The heavy oak door didn't just open; it recoiled, slamming against the wall with a violent crack that sounded like a starter pistol. Into the vacuum of the room stumbled Mr. Gupte, the department’s chief administrator, looking as though he had just lost a wrestling match with a malfunctioning photocopier. His tie was skewed at a forty-five-degree angle, and he clutched a thick stack of manila envelopes to his chest like a shield, his breathing ragged and smelling faintly of peppermint and panic.
"Professor Malik! For heaven's sake, the Dean has been hunting for you since noon!" Gupte said to him, his voice a nasal rasp that sliced through the lingering electricity between Ishan and Aalam. He didn't wait for an answer, instead lunging toward the center of the room with a frantic, stumbling gait. He began thrusting the envelopes toward the students with the mechanical urgency of a man trying to empty a sinking boat, the paper slapping against desks with a series of wet, rhythmic thuds. "Previous semester's grades! Finalized! Signed! Now, please, for the love of all that is holy, clear out so I can get to the faculty meeting before the Dean has a stroke!"
The lecture hall erupted into a cacophony of sliding chairs and frantic paper-shuffling. The manila envelopes, once sterile and silent, became conduits of chaos as the students tore them open with a desperation usually reserved for lottery tickets. A collective gasp rippled through the room, followed immediately by a fragmented chorus of reactions. Ankit let out a sharp, triumphant "Yes!" that echoed off the high ceiling, slamming his palm onto his desk as he stared at a grade that had clearly defied his expectations.
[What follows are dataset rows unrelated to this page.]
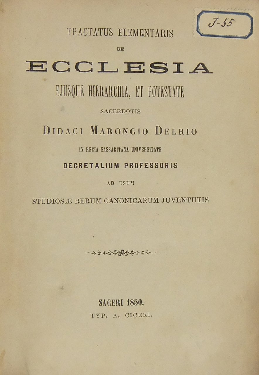 Tractatus elementaris de ecclesia ejusque hierarchia et potestate | Libri antichi e moderni | Marongio Delrio Diego
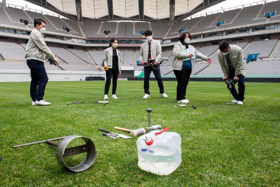 | 삼성물산 잔디환경연구소가 K리그 축구장의 잔디 생육 상태를 점검하고 있다. [사진=삼성물산 리조트 부문] |
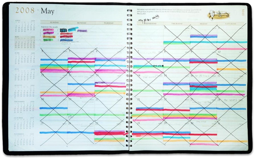 I got a little fancy with different colors, but the idea was the same: try to work on each project a little every day. Eventually I felt that I was spending too much time on the chain rather than the tasks at hand, so I stopped using this method and have moved on to use other things like coach.me (formerly Lift app) to keep track of daily goals.
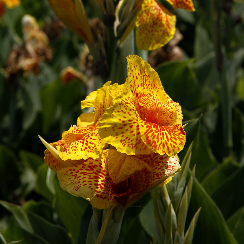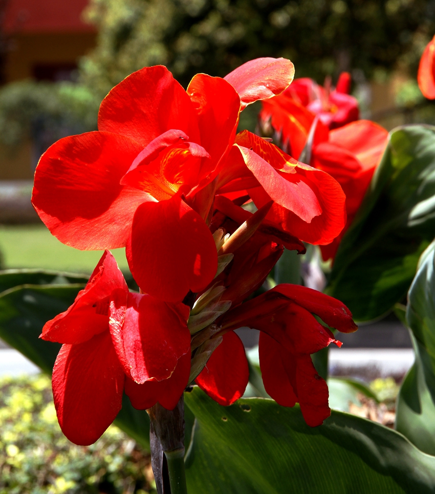 美人蕉是美人蕉科美人蕉属草本花卉,是少有的单科单属植物,约55种,产美洲的热带和亚热带地区,我国南方常见引种栽培约6种。美人蕉属植物有旱生,也有水生,应用方式很多,曾在园林绿化中风靡一时,不仅公共绿地有很多应用,家庭园艺中也常有种植。不过随着新的绿化材料大量涌现,美人蕉也逐渐失去昔日繁荣,但我们仍然可以在不少公园绿地中见到它艳丽的身影。
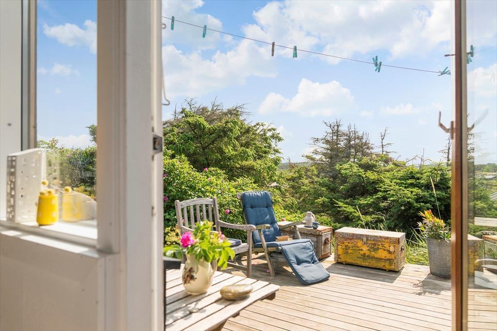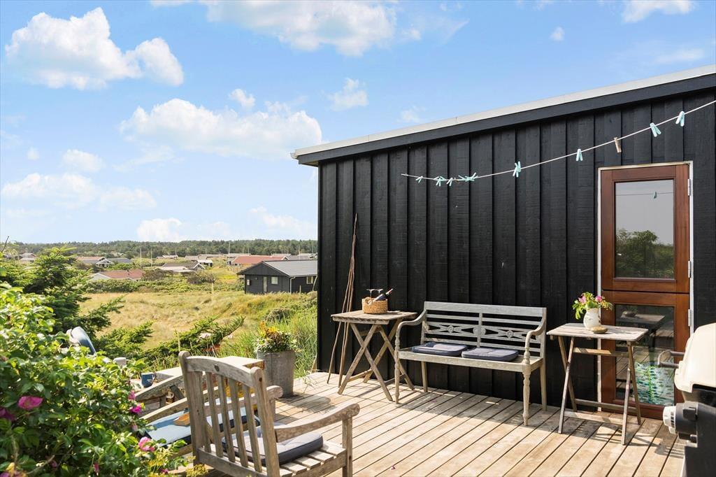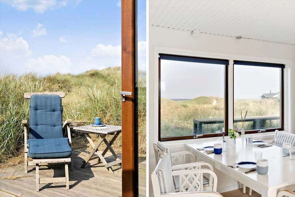 Sanserne stimuleres og feriefreden indfinder sig, når I tilbringer tiden ude på det skønne terrassemiljø, der smyger sig rundt om husets sider. En brise i marehalmen, solens varme og saltvandsduften blander sig med havudsigten – og så det kolde gys, når I smutter ned på stranden for at bade i Vesterhavets bølger.
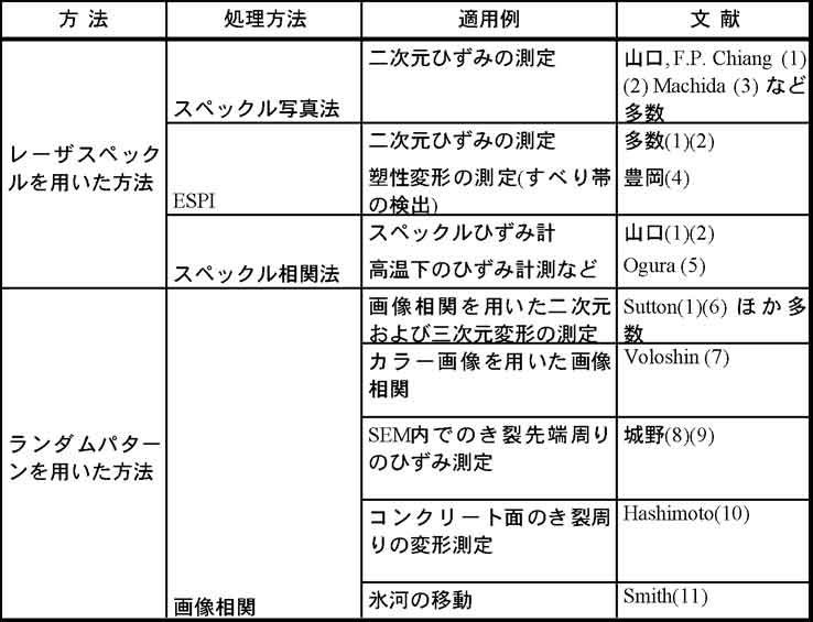 最近の光学的方法によるひずみ測定法が文献(1)にまとめられている.広義の意味でのスペックルパターンを用いたひずみ計測法については,表面にスペックルパターンを付ける方法によって大きく分けて,(1)粗面にレーザを照射した場合に生じる散乱光の干渉によるレーザスペックルを用いる方法と,(2)表面の凹凸による陰影などあるいは塗料などを吹き付けることによりランダムパターンを作成する方法とがある.比較的最近報告されたものをそれぞれの手法あるいは用途によって分類すれば表1に示すようになる.
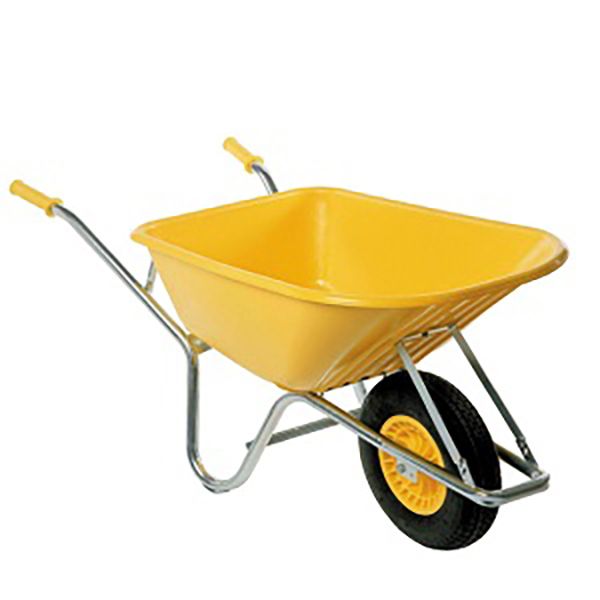 Carretilla de 150 L con sistema basculante para descarga rápida.

Beside him, Mariyam leaned in, her eyes scanning her page with a focused intensity; a small, private smile bloomed on her face, her shoulders finally dropping from their habitual state of tension.
Not everyone shared the victory. A few rows back, a heavy silence settled over a group of students who stared at their marks with expressions of profound betrayal. One boy let out a long, low groan, leaning his head back against the chair and staring blankly at the ceiling, while Deepika sighed, her sharp features tightening as she frowned at a mark that wasn't quite high enough to satisfy her ambition. The air was thick with the scent of old paper and the sudden, volatile shift of academic fortunes, the high-pitched chatter of the jubilant clashing against the muted mumbles of the disappointed.
The grade sheet sat on Aalam’s desk like a piece of unwanted junk mail, the ink of her mark bleeding into the cheap paper. Around her, the lecture hall had dissolved into a chaotic stock exchange of academic validation. Students were huddled in tight, frantic circles, pressing their papers together to compare percentages as if they were trading secrets in a war zone. "Ninety-two! I actually got a ninety-two!" Ankit bellowed, his voice cracking with a mixture of shock and pride, while Mariyam beamed, her eyes scanning the comments Ishan had scribbled in the margins with a reverent, almost hungry focus.
Aalam didn't even bother to flatten the crease in her envelope. She slid the paper to the edge of the mahogany desk, letting it curl and droop until it looked like a fallen leaf, completely ignored. While the others dissected their failures and triumphs, Aalam reached into her bag and pulled out a charcoal pencil, its tip worn down to a jagged nub. She didn't look at the red ink of her grade; instead, she began to sketch on the blank reverse side of the grade sheet, her hand moving with a rhythmic, feverish precision.
"You’re treating a semester's worth of intellectual labor like a discarded candy wrapper."
The voice didn't just break the silence; it sliced through it, cold and precise as a guillotine. Aalam didn't startle, she was far too used to the rhythm of Ishan’s temper, but the charcoal pencil in her hand snapped with a sharp crack, leaving a jagged black smudge across the sketch of a crumbling archway. She looked up to find Ishan standing over her, his shadow stretching long and imposing across the mahogany desk. His face was a mask of controlled irritation, his jaw locked so tight that a small muscle jumped rhythmically in his cheek.
He didn't look at the sketch. His eyes were fixed on the grade sheet, the one she had let curl and wilt at the edge of the desk, the red ink of her marks ignored in favor of a charcoal whim. To any other professor, the indifference would be a compliment, a sign of a student who had transcended the need for validation. But Ishan saw it as a personal affront. He saw the way she had relegated his feedback, his critique, and the very structure of his course to the scrap heap of her attention.
"It's just paper, Professor," Aalam murmured, her voice lazy, though her heart began to thrum against her ribs. She deliberately let her gaze drift to the raw, pink skin of his knuckles, the ghost of the ink he had scrubbed away.
The silence that followed was not the heavy, expectant kind they had shared in the faculty lounge; this was a calculated void. Ishan didn't snap back with a retort or lean in to challenge her. Instead, he simply blinked, his gaze sliding off her as if she had suddenly become a transparent pane of glass. He stepped back, the movement fluid and efficient, and began to gather the remaining stray papers from the surrounding desks with a mechanical precision that felt more insulting than any shouting match.